Dataset from a cache

In this example, we will see how to build a Dataset from objects of an AbstractFullCache. For that, we need to import this Dataset class:

from __future__ import annotations

from gemseo.api import configure_logger
from gemseo.caches.memory_full_cache import MemoryFullCache
from numpy import array

configure_logger()
<RootLogger root (INFO)>

Synthetic data

Let us consider a MemoryFullCache storing two parameters:

  • x with dimension 1 which is a cache input,

  • y with dimension 2 which is a cache output.

cache = MemoryFullCache()
cache[{"x": array([1.0])}] = ({"y": array([2.0, 3.0])}, None)
cache[{"x": array([4.0])}] = ({"y": array([5.0, 6.0])}, None)

Create a dataset

We can easily build a dataset from this MemoryFullCache, either by separating the inputs from the outputs (default option):

dataset = cache.export_to_dataset("toy_cache")
print(dataset)
toy_cache
   Number of samples: 2
   Number of variables: 2
   Variables names and sizes by group:
      inputs: x (1)
      outputs: y (2)
   Number of dimensions (total = 3) by group:
      inputs: 1
      outputs: 2

or by considering all features as default parameters:

dataset = cache.export_to_dataset("toy_cache", categorize=False)
print(dataset)
toy_cache
   Number of samples: 2
   Number of variables: 2
   Variables names and sizes by group:
      parameters: x (1), y (2)
   Number of dimensions (total = 3) by group:
      parameters: 3

Access properties

dataset = cache.export_to_dataset("toy_cache")

Variables names

We can access the variables names:

print(dataset.variables)
['x', 'y']

Variables sizes

We can access the variables sizes:

print(dataset.sizes)
{'x': 1, 'y': 2}

Variables groups

We can access the variables groups:

print(dataset.groups)
['inputs', 'outputs']

Access data

Access by group

We can get the data by group, either as an array (default option):

print(dataset.get_data_by_group("inputs"))
[[1.]
 [4.]]

or as a dictionary indexed by the variables names:

print(dataset.get_data_by_group("inputs", True))
{'x': array([[1.],
       [4.]])}

Access by variable name

We can get the data by variables names, either as a dictionary indexed by the variables names (default option):

print(dataset.get_data_by_names(["x"]))
{'x': array([[1.],
       [4.]])}

or as an array:

print(dataset.get_data_by_names(["x", "y"], False))
[[1. 2. 3.]
 [4. 5. 6.]]

Access all data

We can get all the data, either as a large array:

print(dataset.get_all_data())
({'inputs': array([[1.],
       [4.]]), 'outputs': array([[2., 3.],
       [5., 6.]])}, {'inputs': ['x'], 'outputs': ['y']}, {'x': 1, 'y': 2})

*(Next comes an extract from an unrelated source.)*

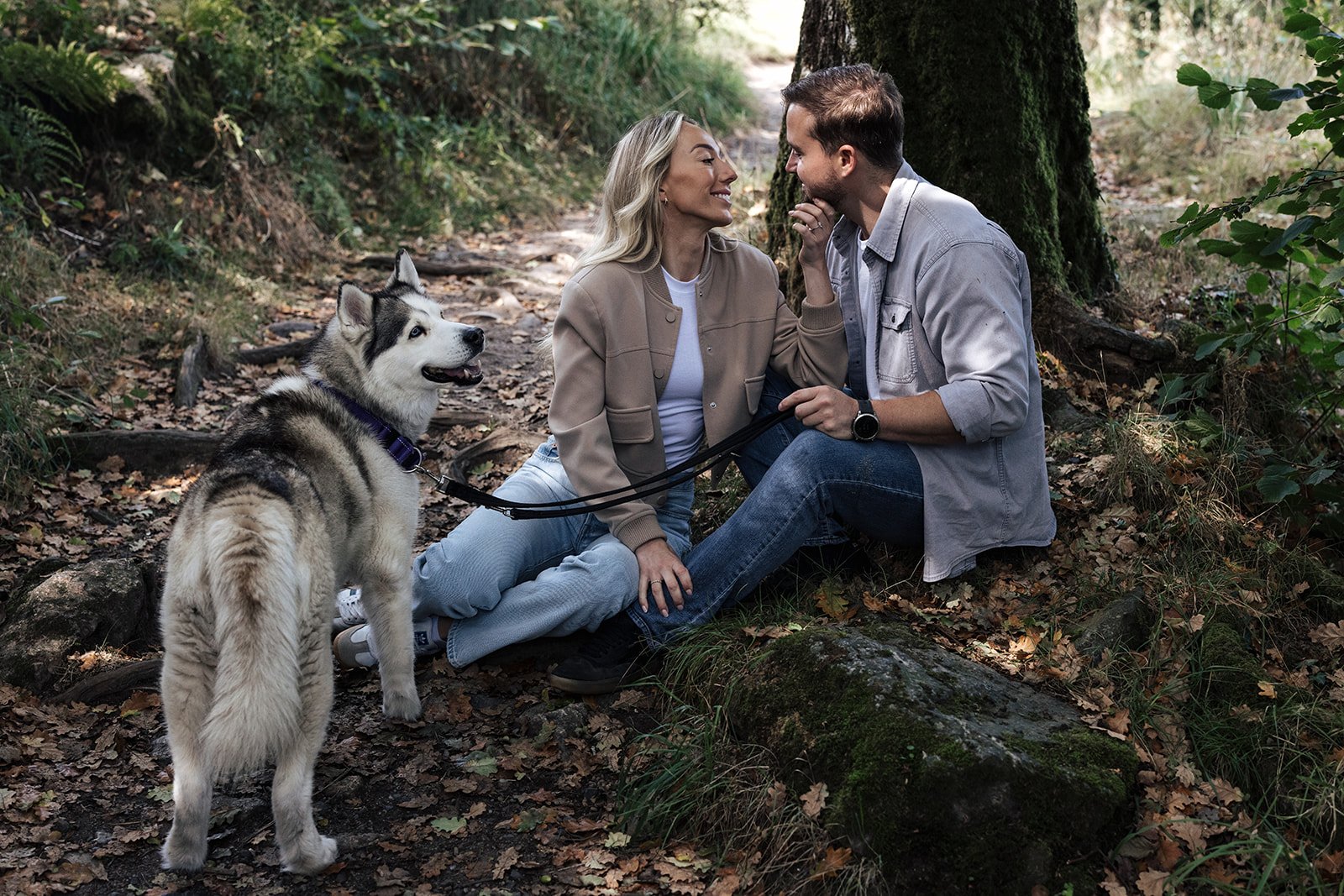 They also brought along their dog, Luna for some extra photos of the three of them, which added so much personality to the session. She trotted happily beside us, walking through the woods, pausing for cuddles, and generally making sure she was part of the photos too.

or as a dictionary indexed by variables names:

print(dataset.get_all_data(as_dict=True))
{'inputs': {'x': array([[1.],
       [4.]])}, 'outputs': {'y': array([[2., 3.],
       [5., 6.]])}}

We can get these data sorted by category, either with a large array for each category:

print(dataset.get_all_data(by_group=False))
(array([[1., 2., 3.],
       [4., 5., 6.]]), ['x', 'y'], {'x': 1, 'y': 2})

or with a dictionary of variables names:

print(dataset.get_all_data(by_group=False, as_dict=True))
{'x': array([[1.],
       [4.]]), 'y': array([[2., 3.],
       [5., 6.]])}

Total running time of the script: ( 0 minutes 0.024 seconds)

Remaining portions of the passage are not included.